**Problem to work on**
Take the entries below and reproduce exactly the portion that begins at the line containing "Product Height: 4" and ends at the line containing "Each Solitude fifth", keeping both ends, dropping pictures, and adding nothing else.

**Supplied entries**
+--
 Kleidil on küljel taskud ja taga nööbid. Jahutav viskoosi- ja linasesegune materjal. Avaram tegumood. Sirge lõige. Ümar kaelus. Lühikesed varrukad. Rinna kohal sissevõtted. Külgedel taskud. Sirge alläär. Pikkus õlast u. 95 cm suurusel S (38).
+--
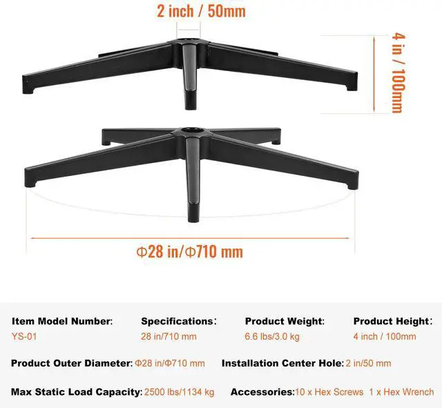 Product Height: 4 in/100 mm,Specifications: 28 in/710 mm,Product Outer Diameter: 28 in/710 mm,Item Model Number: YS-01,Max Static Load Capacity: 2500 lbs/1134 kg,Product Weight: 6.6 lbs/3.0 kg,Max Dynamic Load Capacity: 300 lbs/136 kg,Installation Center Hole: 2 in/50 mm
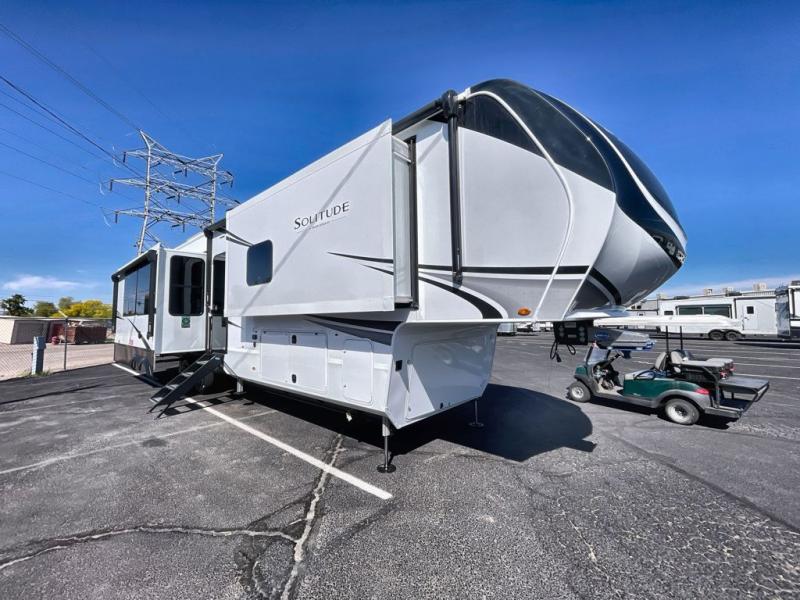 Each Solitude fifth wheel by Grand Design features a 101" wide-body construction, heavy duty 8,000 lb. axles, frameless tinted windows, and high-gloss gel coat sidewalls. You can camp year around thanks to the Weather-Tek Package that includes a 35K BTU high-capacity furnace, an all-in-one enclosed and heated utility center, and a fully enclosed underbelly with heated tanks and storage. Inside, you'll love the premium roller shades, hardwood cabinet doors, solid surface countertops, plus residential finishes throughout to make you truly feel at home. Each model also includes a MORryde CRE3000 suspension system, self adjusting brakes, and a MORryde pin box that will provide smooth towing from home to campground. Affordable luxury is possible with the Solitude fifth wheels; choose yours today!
+--
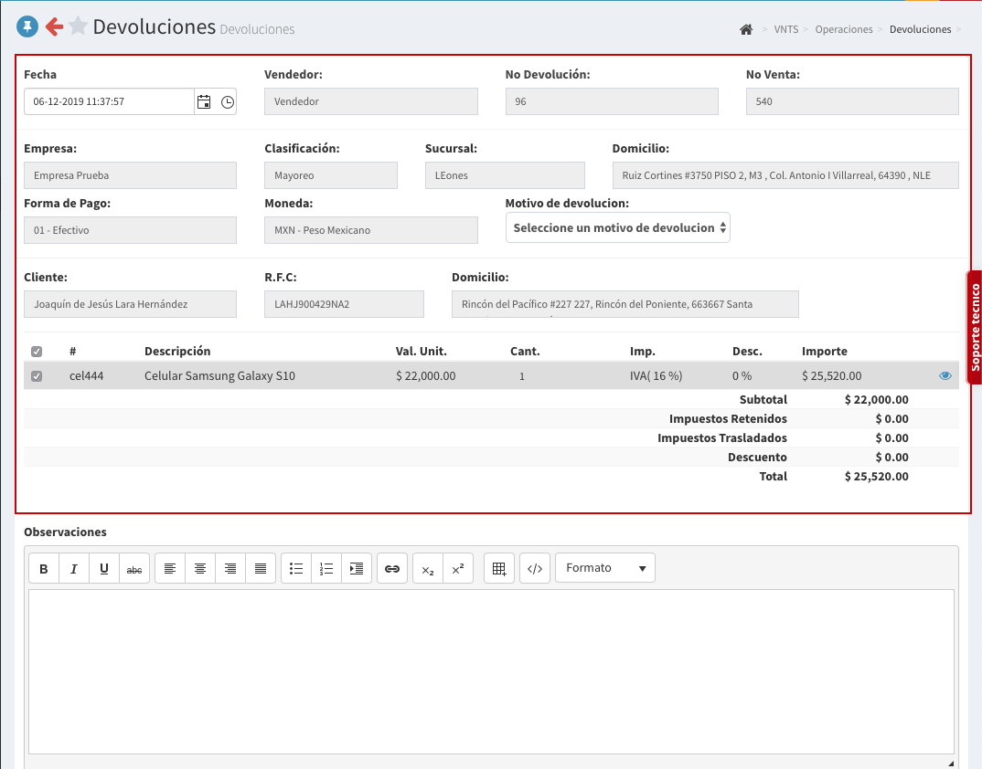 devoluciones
+--
**Task result**
 Product Height: 4 in/100 mm,Specifications: 28 in/710 mm,Product Outer Diameter: 28 in/710 mm,Item Model Number: YS-01,Max Static Load Capacity: 2500 lbs/1134 kg,Product Weight: 6.6 lbs/3.0 kg,Max Dynamic Load Capacity: 300 lbs/136 kg,Installation Center Hole: 2 in/50 mm
 Each Solitude fifth wheel by Grand Design features a 101" wide-body construction, heavy duty 8,000 lb. axles, frameless tinted windows, and high-gloss gel coat sidewalls. You can camp year around thanks to the Weather-Tek Package that includes a 35K BTU high-capacity furnace, an all-in-one enclosed and heated utility center, and a fully enclosed underbelly with heated tanks and storage. Inside, you'll love the premium roller shades, hardwood cabinet doors, solid surface countertops, plus residential finishes throughout to make you truly feel at home. Each model also includes a MORryde CRE3000 suspension system, self adjusting brakes, and a MORryde pin box that will provide smooth towing from home to campground. Affordable luxury is possible with the Solitude fifth wheels; choose yours today!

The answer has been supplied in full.